* Prompt *
Reproduce the opening lines of the listing below exactly, stopping after the line that contains "Так она прокомментировала" and leaving out any pictures.

[Opening Supplied information section]

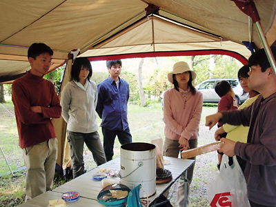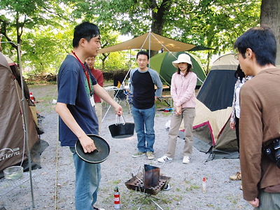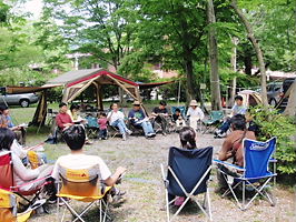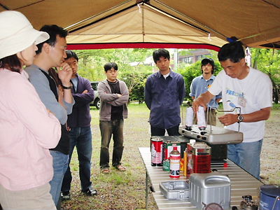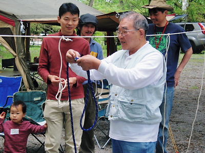 初日は順番に受付を済ませてから、スタッフのアドバイスを受けながらテントの設営をしました。午後1時からいよいよ講習の開始。前半の座学は屋外に円陣を組んでキャンプ入門、ファミリーキャンプの楽しみ、キャンプ場の利用の仕方などについて講習を受けました。後半の実技編ではキャンプ用具の使い方、キャンプに役立つロープワーク、ダッチオーブンの使い方、燻製の作り方を学びました。
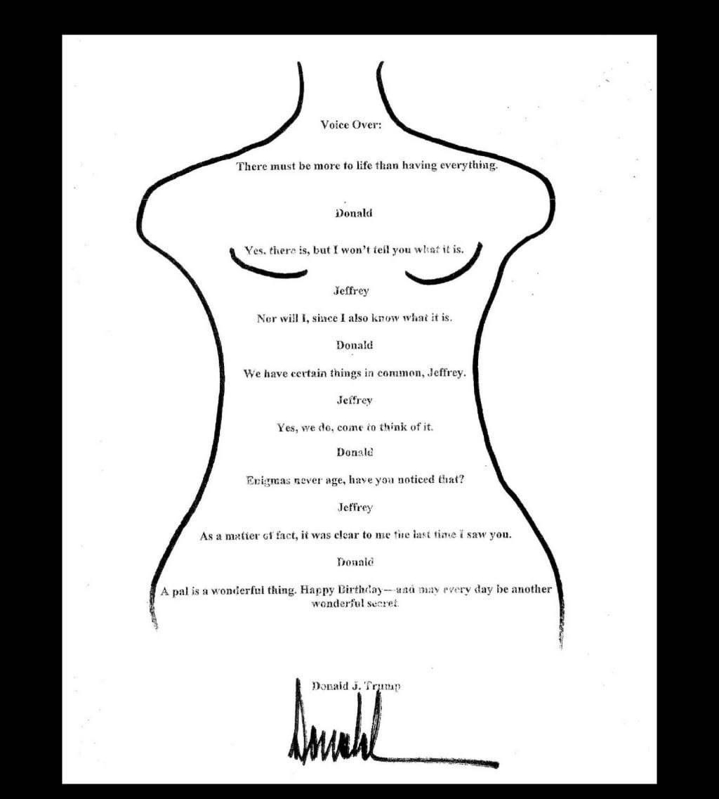 Так она прокомментировала публикацию Wall Street Journal, в которой утверждалось, что адвокаты, представляющие наследство покойного Эпштейна, предоставили Конгрессу поздравление от имени Трампа, якобы написанное в 2006 году к 50-летию финансиста. Издание утверждало, что вместе с текстом было приложено изображение обнажённой женщины.
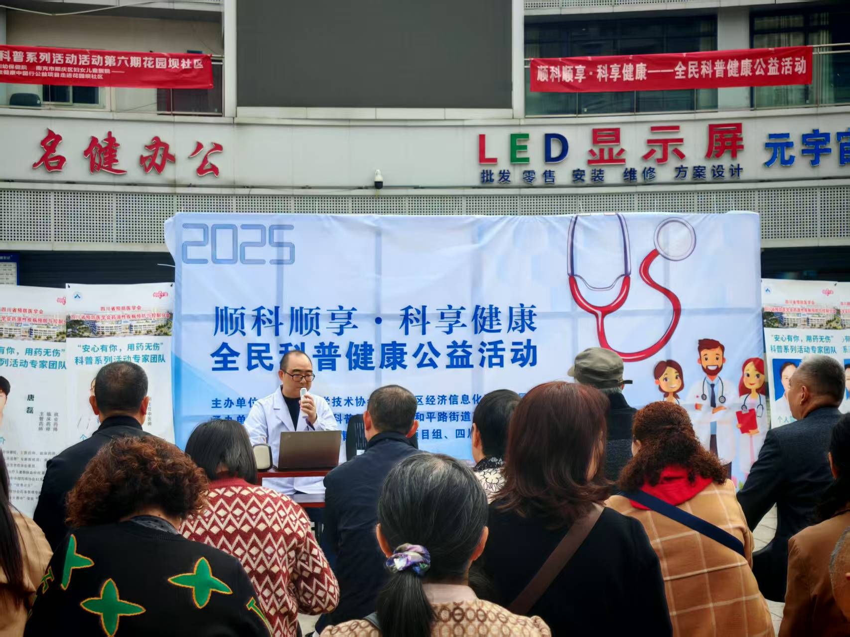 为助力健康知识普及,服务基层群众,11月11日下午,由民进南充市顺庆区基层委员会联合区科协、区经信和科技局等单位共同主办的“顺科顺享·科享健康”全民科普健康公益活动在和平路街道电脑城广场成功举行。

[Closing Supplied information section]

* Written response *
 初日は順番に受付を済ませてから、スタッフのアドバイスを受けながらテントの設営をしました。午後1時からいよいよ講習の開始。前半の座学は屋外に円陣を組んでキャンプ入門、ファミリーキャンプの楽しみ、キャンプ場の利用の仕方などについて講習を受けました。後半の実技編ではキャンプ用具の使い方、キャンプに役立つロープワーク、ダッチオーブンの使い方、燻製の作り方を学びました。
 Так она прокомментировала публикацию Wall Street Journal, в которой утверждалось, что адвокаты, представляющие наследство покойного Эпштейна, предоставили Конгрессу поздравление от имени Трампа, якобы написанное в 2006 году к 50-летию финансиста. Издание утверждало, что вместе с текстом было приложено изображение обнажённой женщины.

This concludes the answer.